Suchen

Security Security für Teile aus dem 3D-Drucker

| Redakteur: Simone Käfer

Ein Security-Verfahren soll sicherstellen, dass 3D-gedruckte Teile vor Hackern sicher sind. US-Forscher haben dafür ein Dreischichtenmodell für jeden Drucker entwickelt.

Firmen zum Thema

Wie sicher sind Ihre 3D-gedruckten Produkte? US-Forscher entwickeln System für Security im 3D-Druck.
Wie sicher sind Ihre 3D-gedruckten Produkte? US-Forscher entwickeln System für Security im 3D-Druck.
(Bild: gemeinfrei (geralt/pixabay) / CC0)

Wissenschaftler des Georgia Institute of Technology und der Rutgers University-New Brunswick haben ein Dreischichtenmodell entwickelt, um die Produkte von 3D-Drucken vor Manipulation zu schützen. Die Technik ist unabhängig von Druckerhersteller und Steuerungssoftware. Sie stellen die Druckteile in den Vordergrund, da diese in Menschen und sicherheits-kritischen Maschinen wie Flugzeugen und Autos eingesetzte werden, wie Raheem Beyah von der Georgia Tech's School of Electrical und Computer Engineering erklärt. Um die Druckteile zu schützen, wollen sie sicherstellen, dass weder der Drucker noch dessen Steuerung von Schadsoftware infiltriert ist.

Das Dreischichtenmodell für mehr Security im 3D-Druck

  • Ändert sich der Ton beim Druckprozess, könnte das an Schadsoftware liegen. Daher überwacht eine akustische Messsystem den Vorgang.
  • Auf einen Angriff weist auch eine Abweichung im Verfahrweg der Düse hin. Daher wird der geplante mechanischen Weg der Druckerkomponenten physisch verfolgt.
  • Mischt man goldene Nanostäbe in das Filament, kann man deren Postion im gedruckten Produkt per Spektroskopie und der Computertomographie feststellen. Sind sie nicht an den erwarteten Stellen, lässt sich daraus auf einen Angriff schließen.
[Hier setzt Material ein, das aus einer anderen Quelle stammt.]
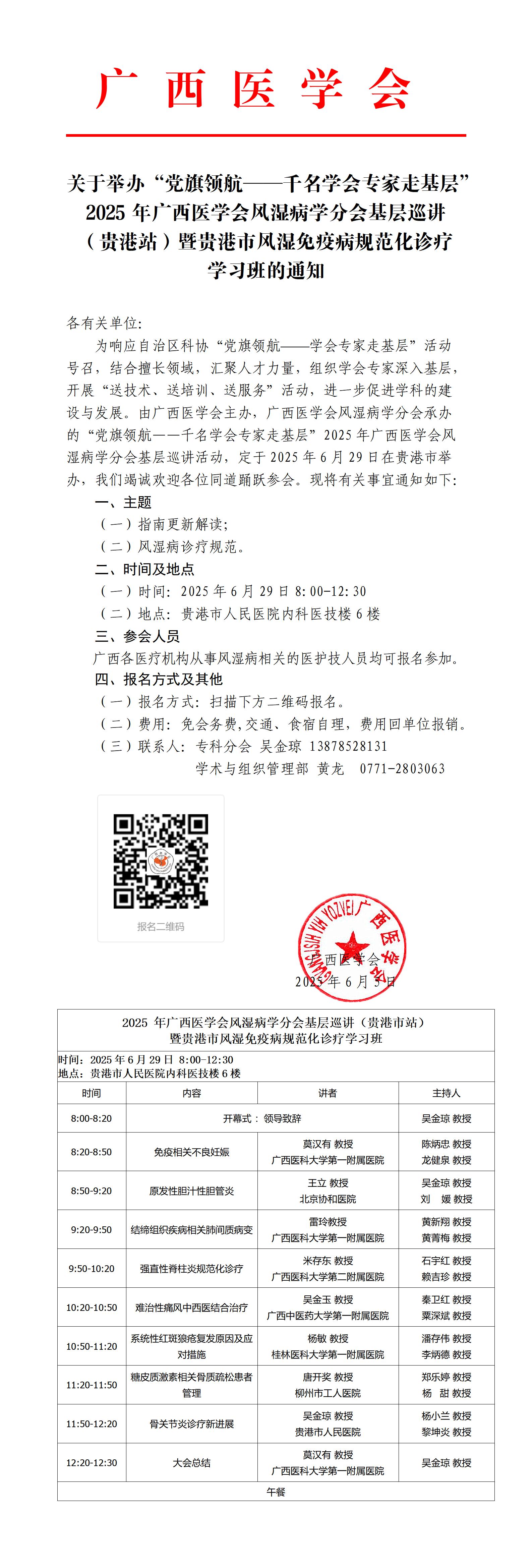 关于举办“党旗领航——千名学会专家走基层”2025 年广西医学会风湿病学分会基层巡讲(贵港站)暨贵港市风湿免疫病规范化诊疗学习班的通知

Raheem Beyah in einem Labor für 3D-Druck an der Woodruff School of Mechanical Engineering.
Raheem Beyah in einem Labor für 3D-Druck an der Woodruff School of Mechanical Engineering.
(Bild: Christopher Moore/Georgia Tech)

Die Forscher testeten ihre Technik auf drei verschiedenen 3D-Druckern und einer CNC-Maschine, mit denen sie eine Polyethylen-Tibia-Knieprothese herstellen. Über die Erkennung von bösartigen Aktivitäten oder Qualitätsproblemen hinaus könnte die Technik Produktionsprobleme beheben und Materialabfälle reduzieren, erklären die Forscher. Bewiesen haben sie bereits die Machbarkeit ihres Systems, nun testen sie die Widerstandsfähigkeit gegen Angriffe und die Tauglichkeit im Produktionsprozess. So könnte die akustische Messung unter dem benachbarten Drucker oder einer anderen Maschine leiden.

Dieser Beitrag ist urheberrechtlich geschützt. Sie wollen ihn für Ihre Zwecke verwenden? Kontaktieren Sie uns über: support.vogel.de (ID: 44846456)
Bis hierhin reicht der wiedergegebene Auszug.